▶ [SUPPLIED ENTRIES]:
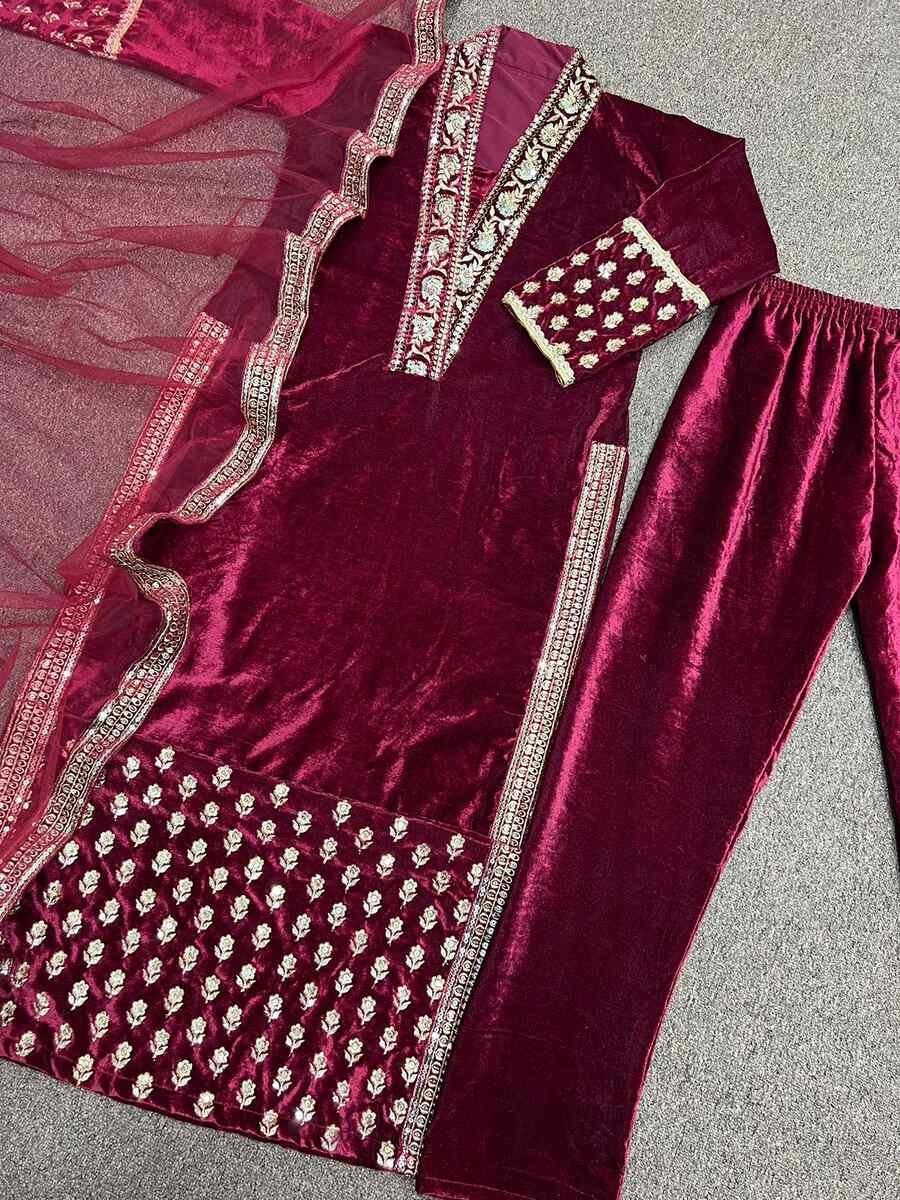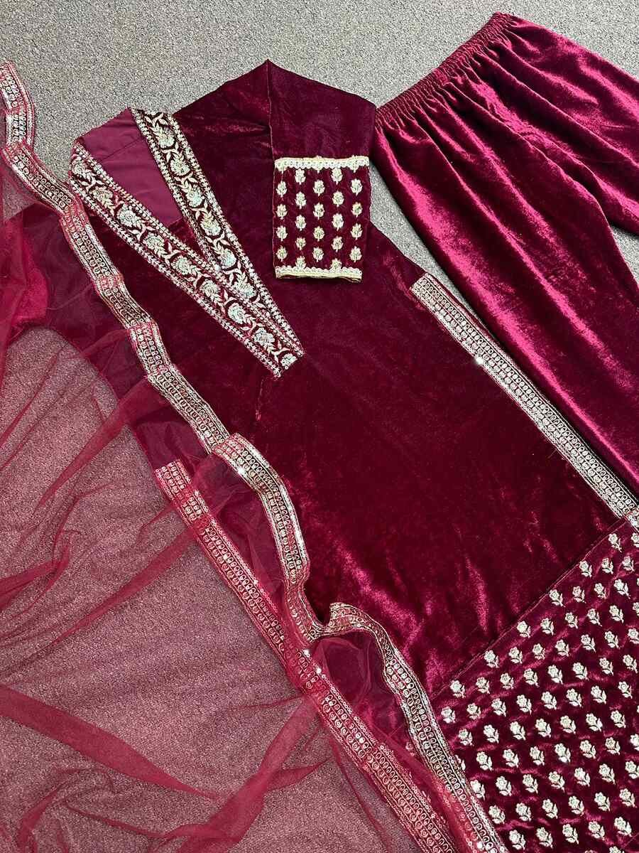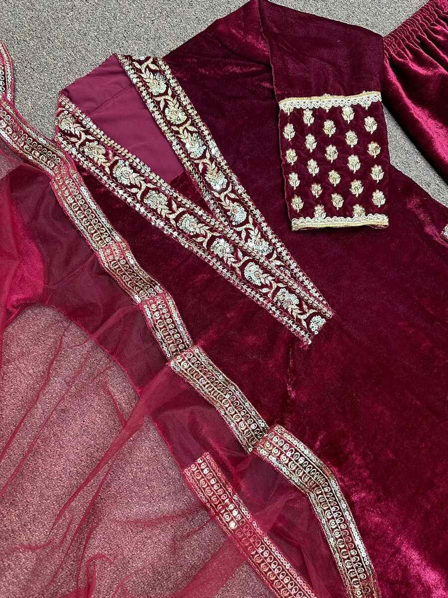 DESIGNER VISCOSE VELVET EMBROIDERY SEQUENCE WORK TOP BOTTOM WITH DUPATTA MAROON
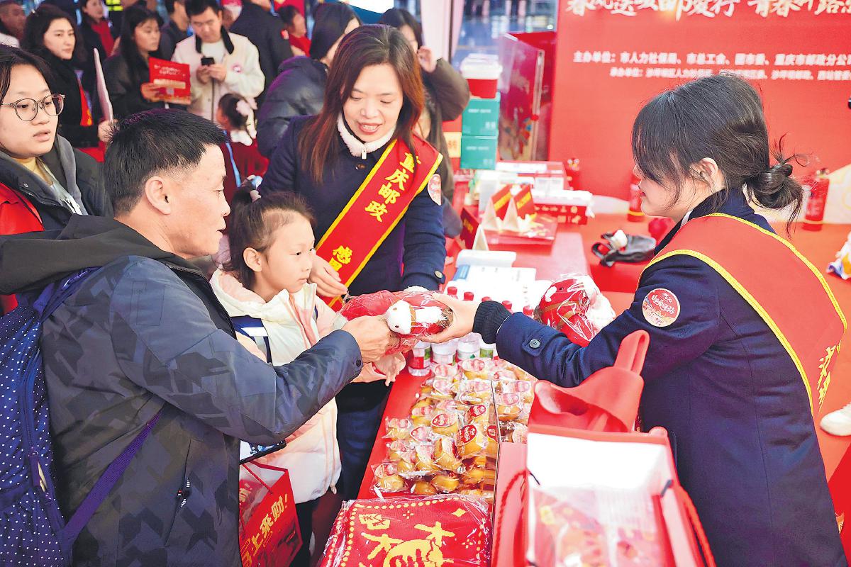 重庆西站“邮爱驿站”里,邮政工作人员向返乡旅客递上马年玩偶并介绍相关惠民服务。
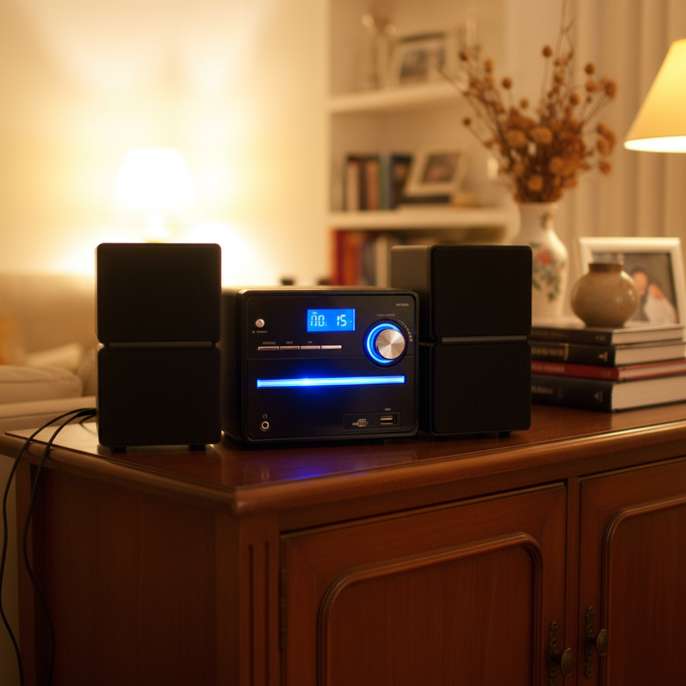 Tauchen Sie ein in die Welt des perfekten Klangs! Unsere Mini-Stereoanlage vereint modernes Design, vielseitige Funktionen und beeindruckende Klangqualität in einem kompakten Format. Ob für das Wohnzimmer, Schlafzimmer oder Büro – dieses Allround-Talent sorgt überall für stimmungsvollen Musikgenuss.
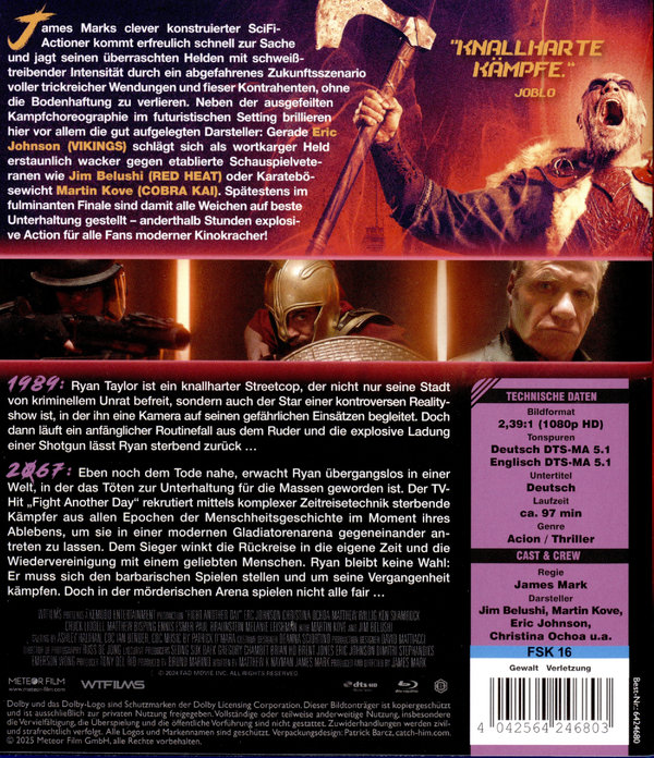 1989: Ryan Taylor ist ein knallharter Streetcop, der nicht nur seine Stadt von kriminellem Unrat befreit, sondern auch der Star einer kontroversen Realityshow ist, in der ihn eine Kamera auf seinen gefährlichen Einsätzen begleitet. Doch dann läuft ein anfänglicher Routinefall aus dem Ruder und die explosive Ladung einer Shotgun lässt Ryan sterbend zurück … 2067: Eben noch dem Tode nahe, erwacht Ryan übergangslos in einer Welt, in der das Töten zur Unterhaltung für die Massen geworden ist. Der TV-Hit „Fight Another Day“ rekrutiert mittels komplexer Zeitreisetechnik sterbende Kämpfer aus allen Epochen der Menschheitsgeschichte im Moment ihres Ablebens, um sie in einer modernen Gladiatorenarena gegeneinander antreten zu lassen. Dem Sieger winkt die Rückreise in die eigene Zeit und die Wiedervereinigung mit einem geliebten Menschen. Ryan bleibt keine Wahl: Er muss sich den barbarischen Spielen stellen und um seine Vergangenheit kämpfen. Doch in der mörderischen Arena spielen nicht alle fair … James Marks clever konstruierter SciFi-Actioner kommt erfreulich schnell zur Sache und jagt seinen überraschten Helden mit schweißtreibender Intensität durch ein abgefahrenes Zukunftsszenario voller trickreicher Wendungen und fieser Kontrahenten, ohne die Bodenhaftung zu verlieren. Neben der ausgefeilten Kampfchoreographie im futuristischen Setting brillieren hier vor allem die gut aufgelegten Darsteller: Gerade Eric Johnson (VIKINGS) schlägt sich als wortkarger Held erstaunlich wacker gegen etablierte Schauspielveteranen wie Jim Belushi (RED HEAT) oder Karatebösewicht Martin Kove (COBRA KAI). Spätestens im fulminanten Finale sind damit alle Weichen auf beste Unterhaltung gestellt – anderthalb Stunden explosive Action für alle Fans moderner Kinokracher!
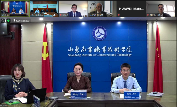 4月22日,山东商院与英国知山大学以线上方式签署合作备忘录。知山大学副校长乔治•泰尔伯特,山东商院党委副书记、院长王鑫,党委副书记宋超,国际交流部部长朱颖,英国国家创新创业教育中心中国办事处相关负责人参加仪式。
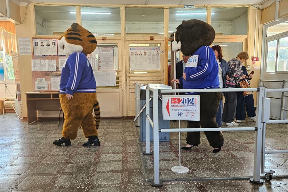 Два человека в костюмах маскотов - тигра и медведя - пришли избирательный участок №77. Он находится в Индустриальном районе в школе №24.

▶ [TASK BRIEF]:
Word for word, copy all the entries above, but with no pictures.

▶ [OUTPUT]:
 DESIGNER VISCOSE VELVET EMBROIDERY SEQUENCE WORK TOP BOTTOM WITH DUPATTA MAROON
 重庆西站“邮爱驿站”里,邮政工作人员向返乡旅客递上马年玩偶并介绍相关惠民服务。
 Tauchen Sie ein in die Welt des perfekten Klangs! Unsere Mini-Stereoanlage vereint modernes Design, vielseitige Funktionen und beeindruckende Klangqualität in einem kompakten Format. Ob für das Wohnzimmer, Schlafzimmer oder Büro – dieses Allround-Talent sorgt überall für stimmungsvollen Musikgenuss.
 1989: Ryan Taylor ist ein knallharter Streetcop, der nicht nur seine Stadt von kriminellem Unrat befreit, sondern auch der Star einer kontroversen Realityshow ist, in der ihn eine Kamera auf seinen gefährlichen Einsätzen begleitet. Doch dann läuft ein anfänglicher Routinefall aus dem Ruder und die explosive Ladung einer Shotgun lässt Ryan sterbend zurück … 2067: Eben noch dem Tode nahe, erwacht Ryan übergangslos in einer Welt, in der das Töten zur Unterhaltung für die Massen geworden ist. Der TV-Hit „Fight Another Day“ rekrutiert mittels komplexer Zeitreisetechnik sterbende Kämpfer aus allen Epochen der Menschheitsgeschichte im Moment ihres Ablebens, um sie in einer modernen Gladiatorenarena gegeneinander antreten zu lassen. Dem Sieger winkt die Rückreise in die eigene Zeit und die Wiedervereinigung mit einem geliebten Menschen. Ryan bleibt keine Wahl: Er muss sich den barbarischen Spielen stellen und um seine Vergangenheit kämpfen. Doch in der mörderischen Arena spielen nicht alle fair … James Marks clever konstruierter SciFi-Actioner kommt erfreulich schnell zur Sache und jagt seinen überraschten Helden mit schweißtreibender Intensität durch ein abgefahrenes Zukunftsszenario voller trickreicher Wendungen und fieser Kontrahenten, ohne die Bodenhaftung zu verlieren. Neben der ausgefeilten Kampfchoreographie im futuristischen Setting brillieren hier vor allem die gut aufgelegten Darsteller: Gerade Eric Johnson (VIKINGS) schlägt sich als wortkarger Held erstaunlich wacker gegen etablierte Schauspielveteranen wie Jim Belushi (RED HEAT) oder Karatebösewicht Martin Kove (COBRA KAI). Spätestens im fulminanten Finale sind damit alle Weichen auf beste Unterhaltung gestellt – anderthalb Stunden explosive Action für alle Fans moderner Kinokracher!
 4月22日,山东商院与英国知山大学以线上方式签署合作备忘录。知山大学副校长乔治•泰尔伯特,山东商院党委副书记、院长王鑫,党委副书记宋超,国际交流部部长朱颖,英国国家创新创业教育中心中国办事处相关负责人参加仪式。
 Два человека в костюмах маскотов - тигра и медведя - пришли избирательный участок №77. Он находится в Индустриальном районе в школе №24.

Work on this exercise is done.